Battle for Kharkov

General von Paulus surrendered the Sixth Army, surrounded at Stalingrad, in the first week of February 1943. Even ‘Winter Storm’, Hoth’s ill-fated attempt at a rescue, failed. As the Russian Army rampaged west, STAVKA, the Soviet Army staff, planned a massive offensive, ‘Operation Star’, aiming to surround the German forces in the Ukraine, Army Group South.

The plan required Bryansk Front, commanded by General Reyter, continuing their drive through Kursk, while Voronezh Front under General Golikov, and South-West Front under General Vatutin, struck west, north of Kharkov, then curved south to meet South Front under General Malinovsky, acting as the anvil which crushed Army Group South.

General Golikov anticipated using his 40th Army to take Belgorod, then circle south, while the 69th Army took bridgeheads over the Donets and entered Kharkov. The Third Tank Army, under General Rybalko, would cross the Donets and circle Kharkov to the south. Golikov possessed 315 tanks with 300 in reserve, and 200,000 men.

Lieutenant General Hans Cramer’s SS Grossdeutschland had 31 tanks, though its infantry traveled on half-tracks, allowing enhanced maneuverability, compared to infantry on foot. 168th Division, and Grossdeutschland covered Kharkov from the north. Two divisions of the Lieutenant General Paul Hausser’s SS Panzer Corps protected Kharkov from the east and south. Army Detachment Lanz, with 50,000 men in Kharkov, was no match for the Soviet troops, though the Luftwaffe controlled the skies. Das Reich and Leibstandarte Adolf Hitler detrained in Kharkov as the battle began.

Two of General Golikov’s divisions crossed the Donets on 5 February after a three day battle. By 6 February elements of Grossdeutschland retreated to the south-west toward Kharkov. Conversely, Das Reich met Soviet troops east of the Donets, and drove them back eight kilometers.

On 7 February Soviet troops reached the outskirts of Belgorod, about 60 kilometers north-east of Kharkov, while General Sokolov’s 6th Guards Corps crossed the Donets River at Zmiev, south of Kharkov.
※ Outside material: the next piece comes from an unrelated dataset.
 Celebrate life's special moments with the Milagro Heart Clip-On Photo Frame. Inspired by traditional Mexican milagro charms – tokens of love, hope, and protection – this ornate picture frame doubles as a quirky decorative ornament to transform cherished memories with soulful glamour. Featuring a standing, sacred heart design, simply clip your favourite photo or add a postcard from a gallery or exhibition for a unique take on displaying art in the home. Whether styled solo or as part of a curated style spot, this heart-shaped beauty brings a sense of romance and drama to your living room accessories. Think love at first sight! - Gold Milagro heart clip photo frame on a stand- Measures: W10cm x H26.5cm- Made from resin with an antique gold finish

By 9 February German forces pulled back, continuing to cover Kharkov. On 11 February Das Reich redeployed south of Kharkov. Soviet forces pushed Grossdeutschland back even further into the north-east corner of the city.

General von Manstein became commander of Army Group South on 12 February and received permission from Adolf Hitler to pull back forces as needed, and to deploy his armor at his discretion.
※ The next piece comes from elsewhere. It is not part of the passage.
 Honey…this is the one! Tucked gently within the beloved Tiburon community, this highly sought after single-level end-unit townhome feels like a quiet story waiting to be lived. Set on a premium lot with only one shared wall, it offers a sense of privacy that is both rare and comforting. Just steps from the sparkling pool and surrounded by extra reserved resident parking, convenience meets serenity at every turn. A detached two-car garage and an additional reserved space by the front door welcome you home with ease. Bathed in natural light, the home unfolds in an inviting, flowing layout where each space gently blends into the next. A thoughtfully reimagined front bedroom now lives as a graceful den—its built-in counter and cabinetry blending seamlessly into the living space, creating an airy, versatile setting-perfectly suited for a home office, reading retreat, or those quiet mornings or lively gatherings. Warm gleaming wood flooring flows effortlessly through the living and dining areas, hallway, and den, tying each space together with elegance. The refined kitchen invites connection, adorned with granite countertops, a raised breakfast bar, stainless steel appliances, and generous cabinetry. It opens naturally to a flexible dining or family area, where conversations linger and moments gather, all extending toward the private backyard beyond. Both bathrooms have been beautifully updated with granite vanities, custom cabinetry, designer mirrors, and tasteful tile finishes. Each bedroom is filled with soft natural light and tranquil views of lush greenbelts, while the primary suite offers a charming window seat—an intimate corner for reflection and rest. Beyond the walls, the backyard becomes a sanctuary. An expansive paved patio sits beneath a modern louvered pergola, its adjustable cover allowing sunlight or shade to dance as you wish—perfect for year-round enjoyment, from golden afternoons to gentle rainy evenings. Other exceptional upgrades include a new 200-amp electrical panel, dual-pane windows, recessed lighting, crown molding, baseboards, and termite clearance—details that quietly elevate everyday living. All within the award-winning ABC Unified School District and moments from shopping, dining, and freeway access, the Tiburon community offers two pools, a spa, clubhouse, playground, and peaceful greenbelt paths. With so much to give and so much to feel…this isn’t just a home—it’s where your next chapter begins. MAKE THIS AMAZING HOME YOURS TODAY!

Lieutenant General Pavel Rybalko’s Third Tank Army attacked the entire front of the German defenses from the east and south-east while Sokolov’s 6th Guards Cavalry Corps attacked on a wide ark south of Kharkov from Merefa to Novaya Vodolaga. Fighting continued in the industrial district in eastern Kharkov even as Totenkopf detrained, on February 13, at Poltava more than 100 kilometers to the south-west of Kharkov.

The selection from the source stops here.